1. In the first scenario, where the force is applied tangentially:
The torque (τ) is given by the formula:
τ = r * F * sin(θ)
where r is the distance from the point of application of the force to the axis of rotation, F is the magnitude of the force, and θ is the angle between the force and the lever arm (which is 90 degrees in this case because the force is tangential).
Given:
Width of door (w) = 1.05 m
Force (F) = 23.0 N
The radius (r) can be calculated as half of the width of the door:
r = w / 2 = 1.05 m / 2 = 0.525 m
Plugging the values into the formula:
τ = 0.525 m * 23.0 N * sin(90 degrees)
τ = 0.525 m * 23.0 N * 1
τ = 12.075 Nm
Therefore, the torque resulting from applying a tangential force of 23.0 N to the outer edge of the door is 12.075 Nm.

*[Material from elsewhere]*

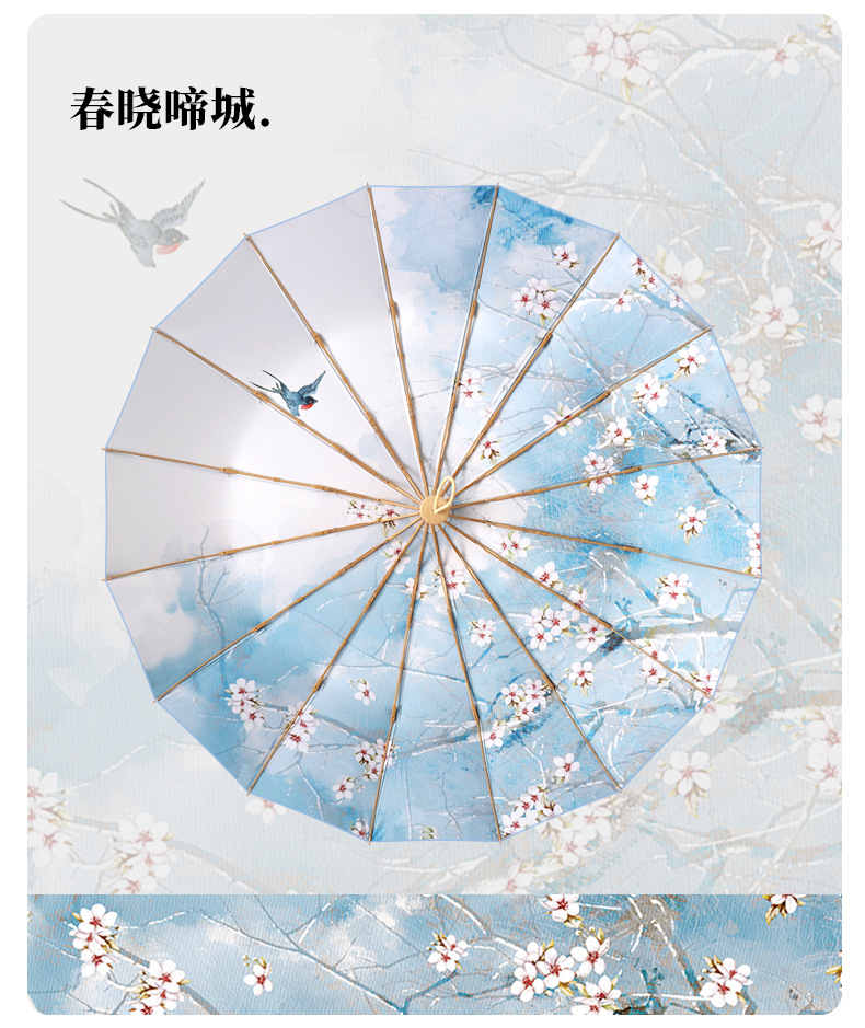 새로운 16 뼈 3 배 핸드 컬러 접착제 창조적 인 패션 선 스크린 차양 우산 재고 선 스크린 여성 태양 우산스토어 가기

2. In the second scenario, where the force is applied at a 45-degree angle:
The torque (τ) can be calculated using the same formula mentioned above:
τ = r * F * sin(θ)
Given:
Angle (θ) = 45 degrees
Using the same radius value as calculated before (r = 0.525 m), and plugging in the values into the formula:
τ = 0.525 m * 23.0 N * sin(45 degrees)
τ = 0.525 m * 23.0 N * √(2)/2
τ = 0.1838 Nm
Therefore, the torque resulting from applying a force of 23.0 N at a 45-degree angle to the outer edge of the door is 0.1838 Nm.